Dumbly, Moira laid the guitar case on the pavement in the snow and – hands shaking with the cold and the nerves – flipped up the chromium catch.
It was like opening someone's coffin.
Only the guitar lay in state. In a panic, she felt beneath the machine-heads for the velvet pouch which held the ancient metal comb.
I have to. I owe him, Mammy. I'm sorry, but I owe him.
Part One
From Dawber's Book of Bridelow:
This little book bids you, the visitor, a cordial welcome to Bridelow Across the Moss, a site of habitation for over two thousand years and the home of the famous Bridelow Black Beer.
Bridelow folk would never be so immodest as to describe their tiny, lonely village as unique. But unique it is, both in situation and character.

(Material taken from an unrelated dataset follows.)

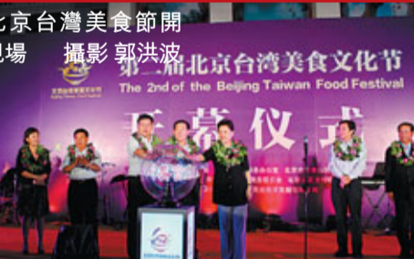
■北京台灣美食節開幕現場

香港文匯報訊(記者 鄭源源、郭洪波 北京報道) 9月8日，以「味覺印象·咫尺台灣」為主題的第二屆「北京台灣美食文化節」在北京石景山台灣街隆重開幕。本次美食節緊緊圍繞北京市打造國際商務中心，建設世界城市 and 加快北京西部地區發展的主基調，以營造CBD文化休閒氛圍，擴展北京台灣街商業品牌為目標，通過「台灣那碗、台灣那味、台灣那調」三個主題的特色活動，從台灣文化展示、台灣美食品嚐和台灣音樂欣賞等多角度展示台灣獨特風情元素，打造吃、喝、玩、樂、購一站式的台灣休閒體驗。

Although little more than half an hour's drive from the cities of Manchester and Sheffield, the village is huddled in isolation between the South Pennine moors and the vast peatbog known as Bridelow Moss. So tucked away, as the local saying goes, 'It's a wonder the sun knows where to come of a morning…'
A spring morning. A hesitant sun edging over the moor out of a mist pale as milk. Only when it clears the church tower does the sun find a few patches of blue to set it off, give it a bit of confidence.
The sun hovers a while, blinking in and out of the sparse shreds of cloud before making its way down the village street, past the cottage where Ma Wagstaff lives, bluetits breakfasting from the peanuts in two mesh bags dangling from the rowan trees in the little front garden.

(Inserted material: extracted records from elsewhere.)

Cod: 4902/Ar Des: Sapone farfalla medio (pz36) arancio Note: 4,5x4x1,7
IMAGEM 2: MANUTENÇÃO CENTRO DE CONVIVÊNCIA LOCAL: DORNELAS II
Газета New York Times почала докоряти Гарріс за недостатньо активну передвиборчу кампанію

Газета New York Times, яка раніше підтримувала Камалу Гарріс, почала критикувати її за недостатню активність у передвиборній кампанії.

The cats, Bob and Jim, sitting together on Ma's front step – donkeystoned to a full-moon whiteness – observe the bluetits through narrowed green eyes but resist their instincts because Ma will be about soon.
And while Ma understands their instincts all too well, she does not appreciate blood on her step. Milly Gill, shedding her cardigan at the Post Office door, thought the mist this morning was almost like a summer heat-haze, which wasn't bad for the second week in March.

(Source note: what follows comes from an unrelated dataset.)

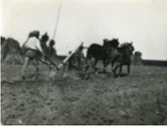
Laboureur Photographie Vers 1900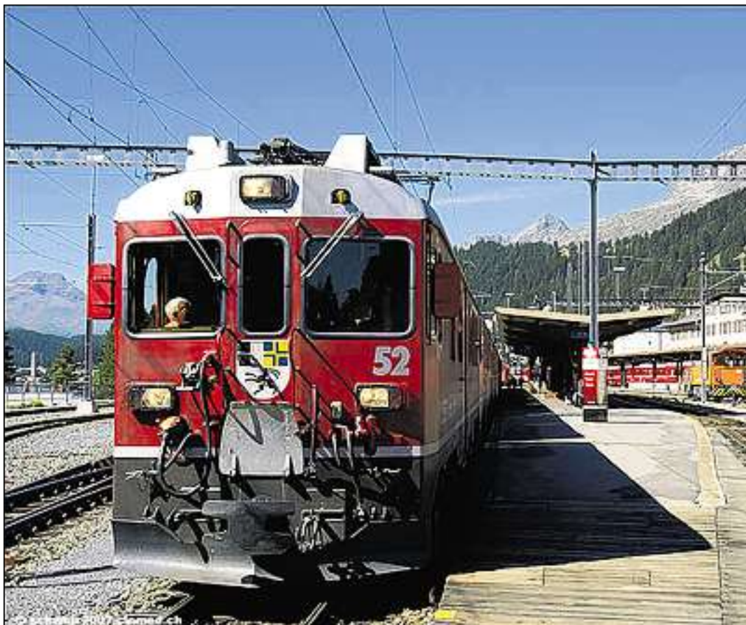
La staziun da San Murezzan cun il tren che parta vers Tirano.

It made Milly feel excited, somewhere deep inside her majestic bosom. It made her feel so energetic that she wanted to wander off for long walks, to fill up her reservoirs after the winter. And to go and see the Little Man. See what he had in his reservoir.
And of course it made her feel creative, too. Tonight she'd be pulling out that big sketch pad and the coloured pencils and getting to work on this year's design to be done in flowers for the dressing of the Holy Well. It was, she decided, going to reflect everything she could sense about her this morning.
Milly Gill thought, I'm forty-nine and I feel like a little girl.
This was what the promise of spring was supposed to do.
'Thank you. Mother,' Milly said aloud, with a big, innocent grin. 'And you too, sir!'
The Moss, a vast bed, hangs on to its damp duvet as usual until the sun is almost overhead. Behind temporary traffic-lights, about half a mile from the village, a Highways Authority crew is at work, widening the road which crosses the peat, a long-overdue improvement, although not everybody is in favour of improving access to the village.
It's close to midday before the foreman decides it's warm enough to strip to the waist.
This is the man who finds the chocolate corpse. The splendour of the morning dimmed a little for the Rector when, on getting out of bed, he felt a twinge.
It was, as more often than not, in the area of his left knee. 'We really must get you a plastic one,' the doctor had said last time. 'I should think the pain's pretty awful, isn't it?'
'Oh.' The Rector flexing his creased-up Walter Matthau semi-smile. 'Could be worse.' Then the. doctor ruefully shaking his head, making a joke about the Rector being determined to join the league of Holy Martyrs.
'I was thinking of joining the squash club, actually,' the Rector had said, and they'd both laughed and wondered how he was managing to keep this up.
The answer to this was Ma Wagstaff's mixture.
Standing by the window of his study, with sunshine strewn all over the carpet, pleasant around his bare feet, the Rector balanced a brimming teaspoonful of Ma's mixture, and his eyes glazed briefly at the horror of the stuff.
It looked like green frogspawn. He knew it was going to make his throat feel nostalgic for castor oil.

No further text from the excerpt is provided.